Peter's talk on Secure Boot went off surprisingly harmoniously - probably because there were no journalists in sight and it was a pretty in-the-know crowd asking deep technical questions, rather than a general-interest crowd asking if Microsoft was trying to STEAL ALL THE INTERWEBS. Most of it went about 10,000km over my head (I have a reasonable working knowledge of SB at the practical, this-is-the-effects-of-what-it-does level, but the actual implementation of SB is super super crypto nerd stuff which I am way too dumb to follow), but it was nice to listen to the smart guys refine their wisdom.
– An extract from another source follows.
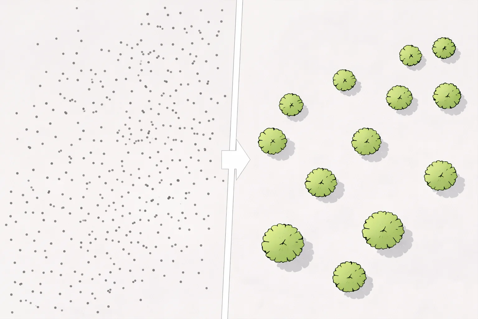 In vielen Fällen werden anschließend Baumsymbole manuell gesetzt. Jeder Punkt wird einzeln ausgewählt und mit einem Symbol versehen. Das ist zeitaufwendig und fehleranfällig – vor allem bei größeren Datenmengen.

The lightning talks were really good this year and highlighted at least three more YES I WANT THAT NOW things for me - pkgwat (yet another command line package query tool! but it actually does different stuff from yum and repoquery, and is totally worth having), fedocal (the new calendaring webapp, which looks like it's coming out pretty well) and most awesomely fedmsg-notify, a desktop frontend for fedmsg, which lets you get desktop notifications for all kinds of events reported by fedmsg. Fedmsg is one of those projects which seems like it's been going forever without anything visible happening, then suddenly mushrooms out into a load of great results - all the heavy backend lifting is mostly done now and the cool visible stuff like this is emerging. This is going to be just super-handy for keeping up to date on things without visiting fifteen different web frontends.

Spot presented a pretty radical plan for the release cycle which generated a lot of comment and discussion - I'm going to leave it to him to blog about it before going into any detail (he may have done so already, I'm not up to date on blogs yet), but despite raising a few concerns I actually quite liked it as a plan and it had the definite advantage of being a concrete, complete and achievable plan with easily enumerable and perceivable benefits. So I'll be interested to see where we go. I'd hate it to get blocked up by the 'but it changes this particular feature of the current process!' crowd - someone raised the point that maybe it's trading one set of problems for another set of problems, but that is going to be the case with any release process, so we can't really let that objection alone derail any specific proposal for a revised release process, because it effectively precludes the possibility of any change at all. Anyhow, that's all I have to say on the topic for now.

Tim did a great talk on the blocker/NTH process, which generated a whole lot of useful feedback and discussion - we had QA people and development people and 'regular users' all present and there was pretty unified agreement on which parts of the current process badly need improvement, so we should just go and improve them already. Tim and I have discussed using some of the hackfest time just to go ahead and implement some of the easiest and least controversial possible improvements in time for the F19 cycle - stuff that's already been raised and discussed several times but which we have not had the time to do until now. It was great to see Dan (Mashal) and John (Dulaney) at all the QA-relevant talks providing input.

I gave a pretty ad hoc talk on the new installer in the final timeslot of the day, of which there should be video here at some point, I think (that should be a video of the whole day, and mine will be in the last hour or so - I'll update the link if it's broken or if a better one becomes available). It was really just a straightforward walkthrough of the new installer UI, explaining the design of the installer as a whole and of the storage process, and explaining specifically how each spoke works and some of the more commonly raised temporary issues in F18. I think I managed to cover most things, so I hope it went over okay and didn't do anything to diminish the awesome work Mo and the anaconda team put in to the release.

Tonight brings the real highlight of any FUDCon: FUDPoker! So I'll finish here. With any luck we'll have some concrete results to report from hackfests tomorrow. It would help, of course, if FESCo could kindly nail down a concrete schedule for F19, so we know how much time we have to work with before the Alpha cycle starts up.